On Tue, 29 Mar 2011 23:11:53 -0400, Andrej Mitrovic  
<andrej.mitrovich gmail.com> wrote:

 I had a look at dcollections, it seems to have a few different
 implementations of a set. And it has intersection (not sure about
 difference or union). It's boost licensed, I wonder if Steve will make
 a push of his library to Phobos when its done..

set1.difference(set2) => set1.remove(set2)
set1.union(set2) => set1.add(set2)

So they are there, but they just aren't called union and difference.

intersection isn't a very generic function, so it is called intersect.  In  
fact, I had to add a special implementation function to both Hash and  
RBTree to get it to work correctly.

And yes, I will add intersection to std.container when the API for it  
becomes clear.

-Steve

Mar 30 2011

Jonathan M Davis <jmdavisProg gmx.com> writes:

On 2011-03-29 20:11, Andrej Mitrovic wrote:
 I had a look at dcollections, it seems to have a few different
 implementations of a set. And it has intersection (not sure about
 difference or union). It's boost licensed, I wonder if Steve will make
 a push of his library to Phobos when its done..

RedBlackTree came from dcollections in the first place. Its internals use 
pretty much the same backend implementation as dcollecitions' red-black tree 
does, but the front-end is very different (since dcollections and 
std.container are very different in philosophy).

But as I understand it, he has no intention of getting any of the rest of 
dcollections in Phobos. His opinions on containers differ from Andrei's, and 
he said that the other container types are simple enough to reimplement, that 
there's no need to port them.

- Jonathan M Davis

Mar 29 2011

spir <denis.spir gmail.com> writes:

On 03/30/2011 05:02 AM, dsimcha wrote:
 On 3/29/2011 8:37 PM, Jonathan M Davis wrote:
 We now have std.container.RedBlackTree, which can be used as a set, but it is
 a tree rather than a hash table.

 - Jonathan M Davis

 This isn't a very good set. It doesn't even support basic set primitives like
 intersection, difference, union, etc. Furthermore, most programs will probably
 want a hash set. A tree set is only better when you don't have a good hash
 function or worst case performance is more important than average case.

 I'm not saying there's anything wrong with RedBlackTree. It's a perfectly good
 data structure to implement a set on top of. It's just that it's not a "real"
 set type because it's not meant to be.

Yep, but with balanced binary search trees you get sorting for free ;-)

Denis
-- 
_________________
vita es estrany
spir.wikidot.com

Mar 30 2011

"Steven Schveighoffer" <schveiguy yahoo.com> writes:

On Tue, 29 Mar 2011 23:02:35 -0400, dsimcha <dsimcha yahoo.com> wrote:

 On 3/29/2011 8:37 PM, Jonathan M Davis wrote:
 We now have std.container.RedBlackTree, which can be used as a set, but  
 it is
 a tree rather than a hash table.

 - Jonathan M Davis

 This isn't a very good set.  It doesn't even support basic set  
 primitives like intersection, difference, union, etc.

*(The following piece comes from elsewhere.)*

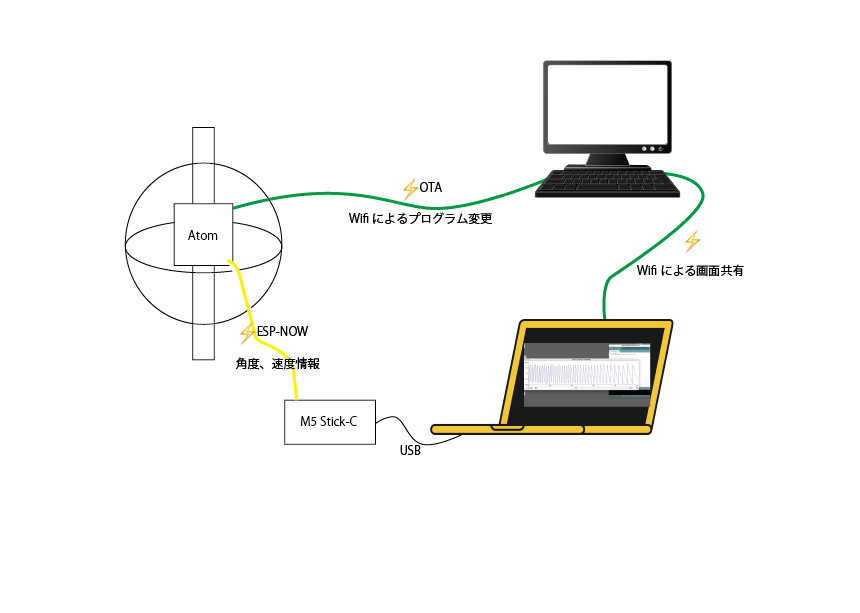 なにせ、ボールの中のAtomは、回転するので、シリアルケーブルを繋げれない。そこで、回転状況の確認に ESP-NOW、プログラムの修正&調整の為に OTAを組込みました。これで、ケーブルを繋がなくても 回転させている状態で、状況モニター、プログラム修正が WiFi経由で出来る様になるはずでした。ところが、ESP-NOWとOTAが共存できませんでした。色々解決策を模索しましたが、時間切れでした。ESP-NOWは状態確認のさいにだけ使うのでとりあえず OTAを組込んで開発しています。

std.container.RedBlackTree supports the standard methods, and not much  
else.  I am not the architect for std.container, so I did not want to add  
methods that might some day be superseded by further additions to the  
std.container regime.

dcollections does support these primitives, so the code already exists, I  
just am not sure of the interface Andrei wants.

 Furthermore, most programs will probably want a hash set.  A tree set is  
 only better when you don't have a good hash function or worst case  
 performance is more important than average case.

A tree-based set's advantage over hash-based is that it's ordered.  This  
means things like insertions and deletions do not affect ranges, whereas  
an insertion in a hash set can cause a rehash.

In addition to that, an ordered set provides excellent slicing ability  
(dcollections supports this).

So it depends on your needs.  Tree sets are definitely lower performing, I  
think Hashes win out pretty much there.

 I'm not saying there's anything wrong with RedBlackTree.  It's a  
 perfectly good data structure to implement a set on top of.  It's just  
 that it's not a "real" set type because it's not meant to be.

I found that the primitives in RedBlackTree suffice to make a set except  
for intersection, which cannot be done in a generic fashion with high  
performance.  This function exists in dcollections, and can easily be  
added to std.container.RedBlackTree.

-Steve

Mar 30 2011

David Nadlinger <see klickverbot.at> writes:

On 3/30/11 5:02 AM, dsimcha wrote:
 […] Furthermore, most programs will probably want a hash set.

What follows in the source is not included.